What needs to be done. What is needed is the exact text of each line in the listing below from the one with "BIDDING. Commission on" up to and including the one with "En primer lugar, el", and no pictures.

Data extract.
□ □ □ □

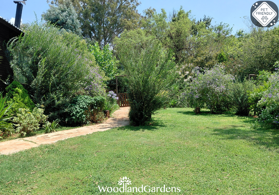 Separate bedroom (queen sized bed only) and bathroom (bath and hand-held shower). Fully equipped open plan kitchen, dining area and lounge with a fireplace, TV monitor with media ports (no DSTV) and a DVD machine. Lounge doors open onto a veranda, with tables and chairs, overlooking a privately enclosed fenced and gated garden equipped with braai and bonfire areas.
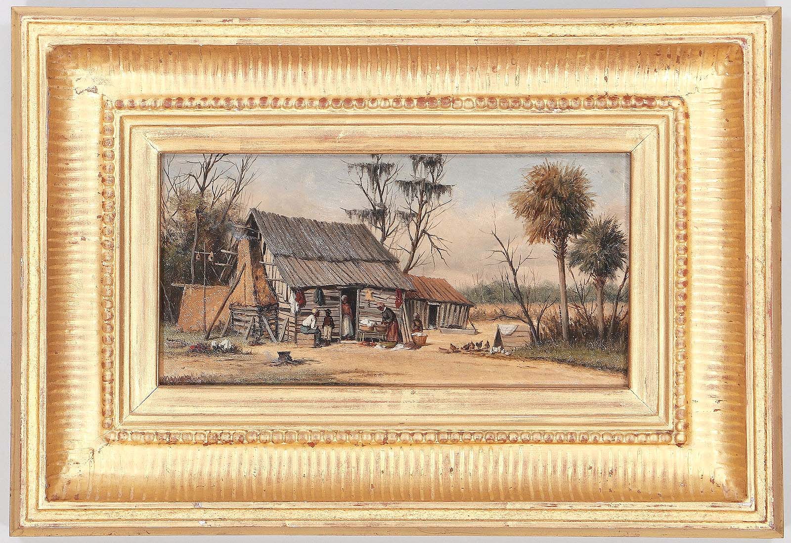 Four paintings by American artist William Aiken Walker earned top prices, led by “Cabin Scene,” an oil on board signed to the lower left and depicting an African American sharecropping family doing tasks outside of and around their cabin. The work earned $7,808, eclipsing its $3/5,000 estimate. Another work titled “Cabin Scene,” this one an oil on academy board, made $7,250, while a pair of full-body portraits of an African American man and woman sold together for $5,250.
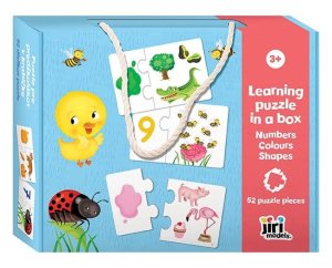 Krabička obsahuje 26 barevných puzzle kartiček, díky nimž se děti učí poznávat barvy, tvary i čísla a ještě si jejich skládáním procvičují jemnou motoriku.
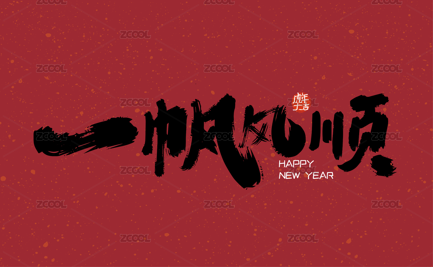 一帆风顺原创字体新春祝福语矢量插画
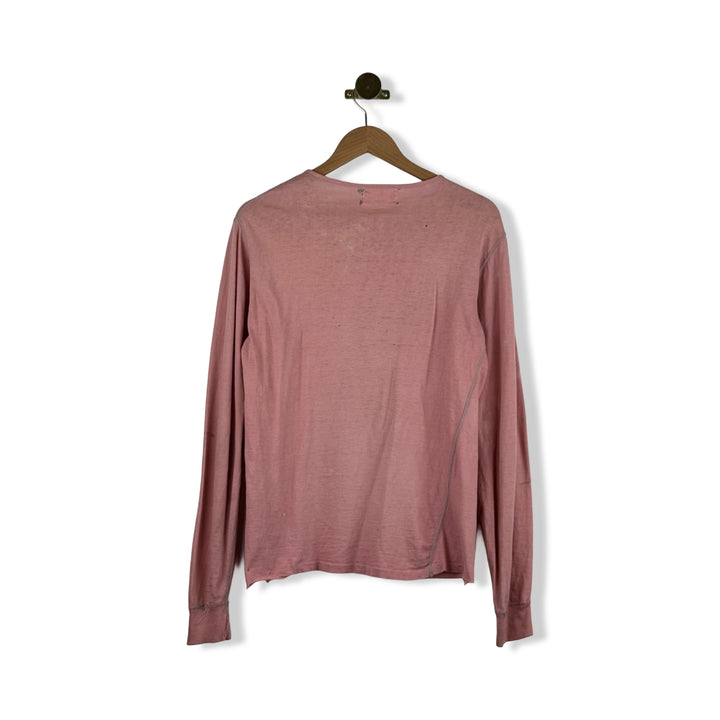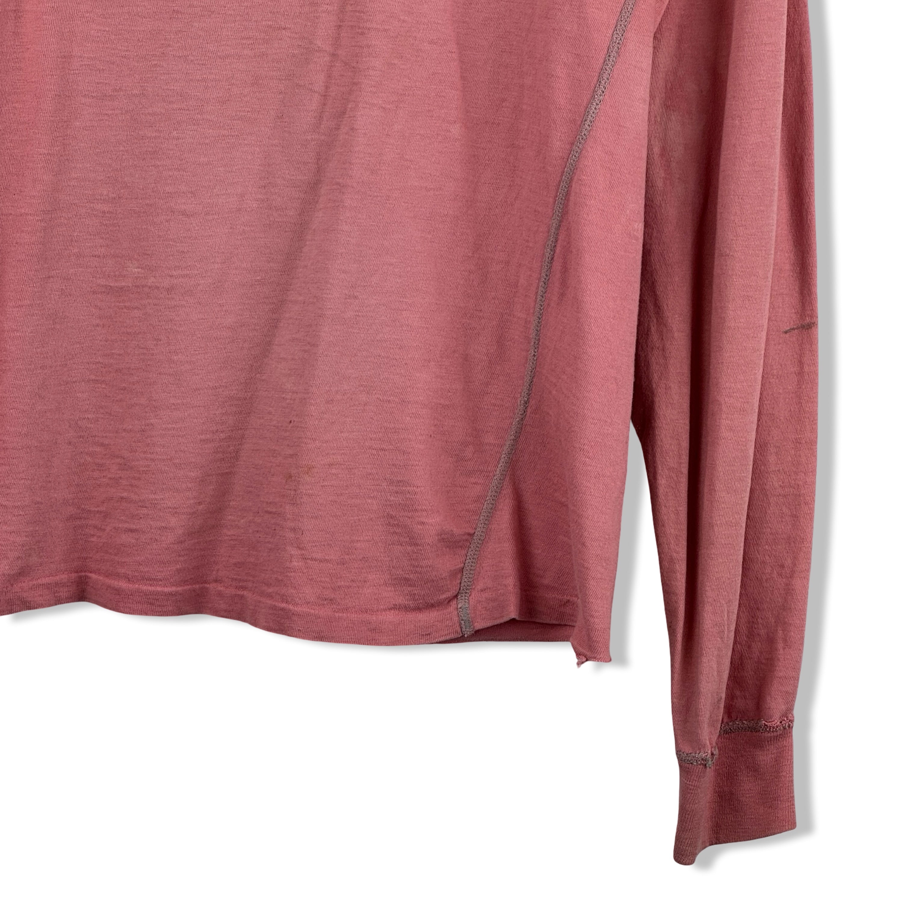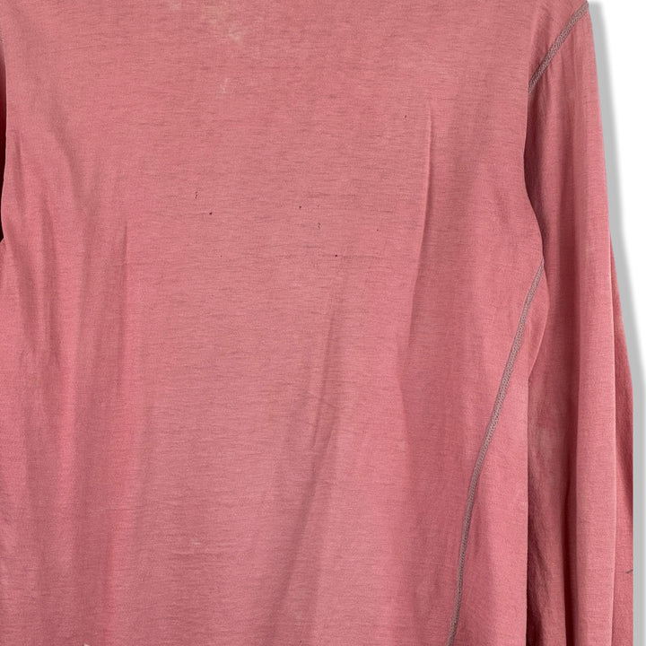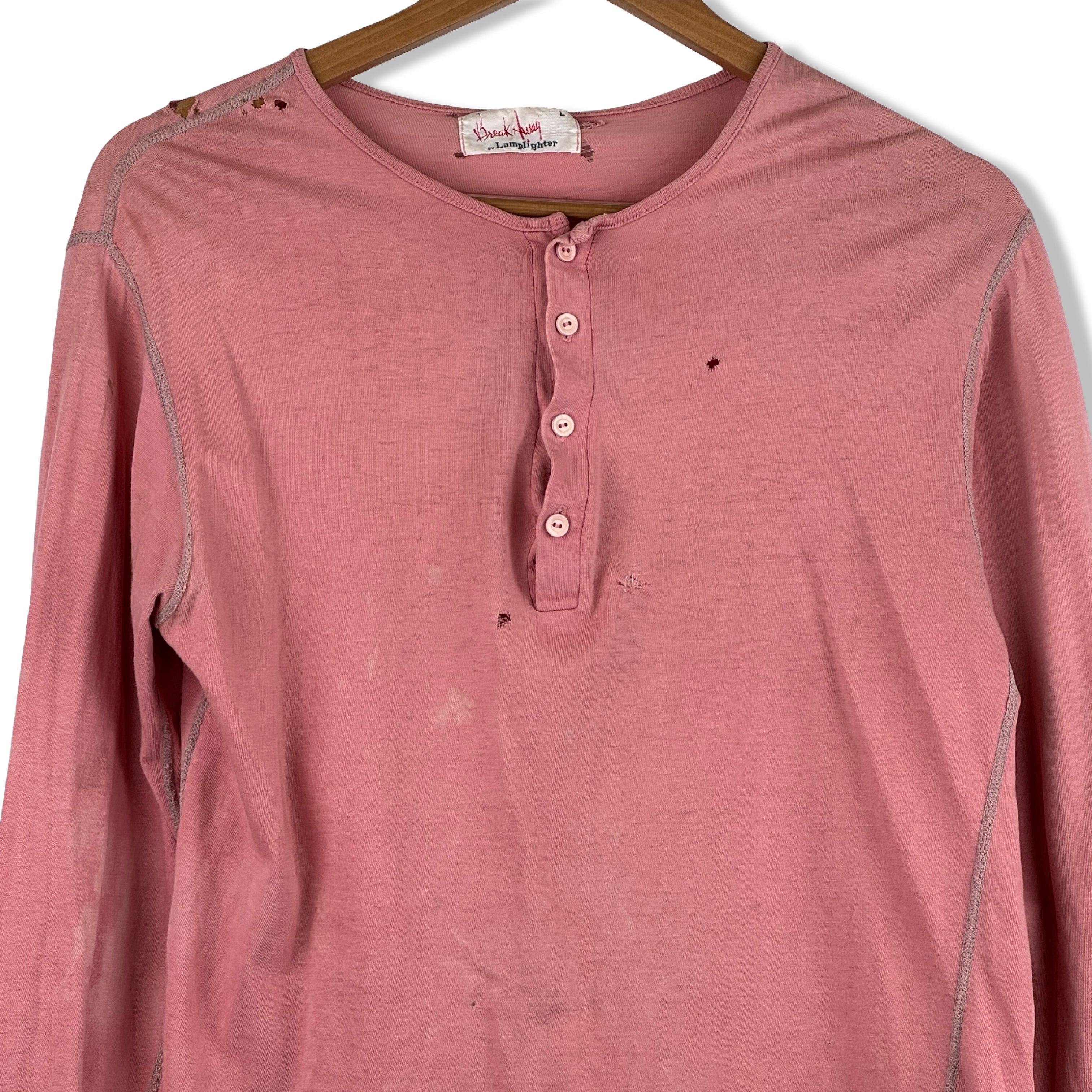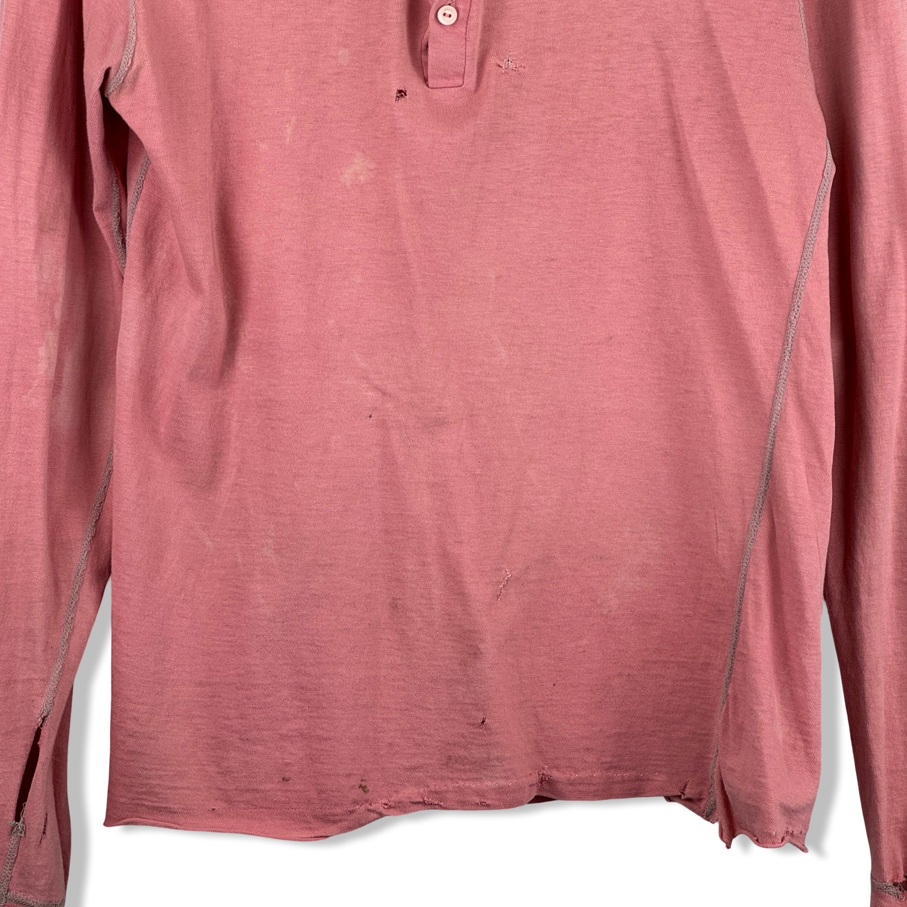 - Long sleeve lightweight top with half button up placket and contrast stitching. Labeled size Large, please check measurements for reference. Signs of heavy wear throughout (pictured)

□ □ □ □

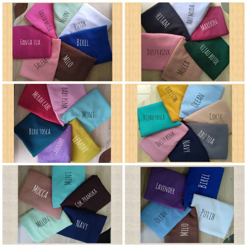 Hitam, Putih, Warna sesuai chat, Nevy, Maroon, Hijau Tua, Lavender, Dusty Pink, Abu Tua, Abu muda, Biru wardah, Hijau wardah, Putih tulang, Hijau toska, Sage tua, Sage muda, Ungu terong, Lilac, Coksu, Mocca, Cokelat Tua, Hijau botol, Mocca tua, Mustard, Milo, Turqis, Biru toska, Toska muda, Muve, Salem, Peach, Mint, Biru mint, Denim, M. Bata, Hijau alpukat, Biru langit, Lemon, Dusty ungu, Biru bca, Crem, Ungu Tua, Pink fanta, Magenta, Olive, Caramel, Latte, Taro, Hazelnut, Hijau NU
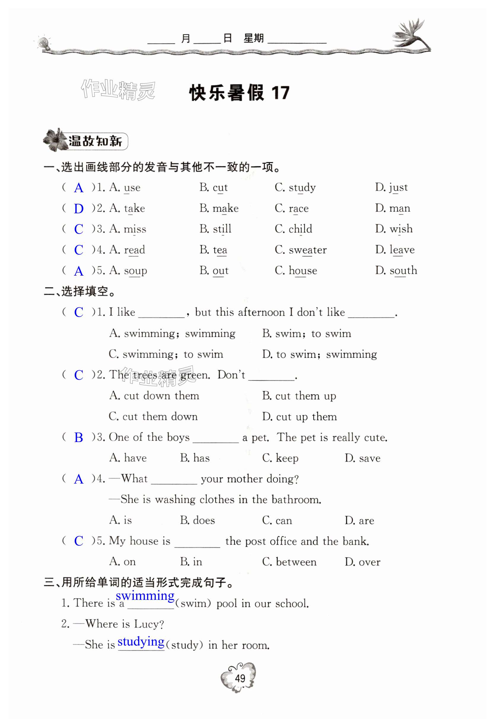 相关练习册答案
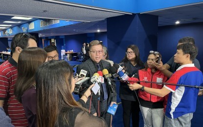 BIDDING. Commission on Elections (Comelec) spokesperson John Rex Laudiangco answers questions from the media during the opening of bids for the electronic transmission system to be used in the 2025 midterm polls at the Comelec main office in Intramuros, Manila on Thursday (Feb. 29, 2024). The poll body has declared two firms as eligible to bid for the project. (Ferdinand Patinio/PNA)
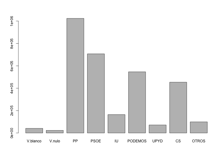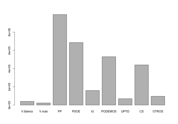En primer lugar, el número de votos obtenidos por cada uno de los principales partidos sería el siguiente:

□ □ □ □

Answer to the exercise.
 BIDDING. Commission on Elections (Comelec) spokesperson John Rex Laudiangco answers questions from the media during the opening of bids for the electronic transmission system to be used in the 2025 midterm polls at the Comelec main office in Intramuros, Manila on Thursday (Feb. 29, 2024). The poll body has declared two firms as eligible to bid for the project. (Ferdinand Patinio/PNA)
En primer lugar, el número de votos obtenidos por cada uno de los principales partidos sería el siguiente:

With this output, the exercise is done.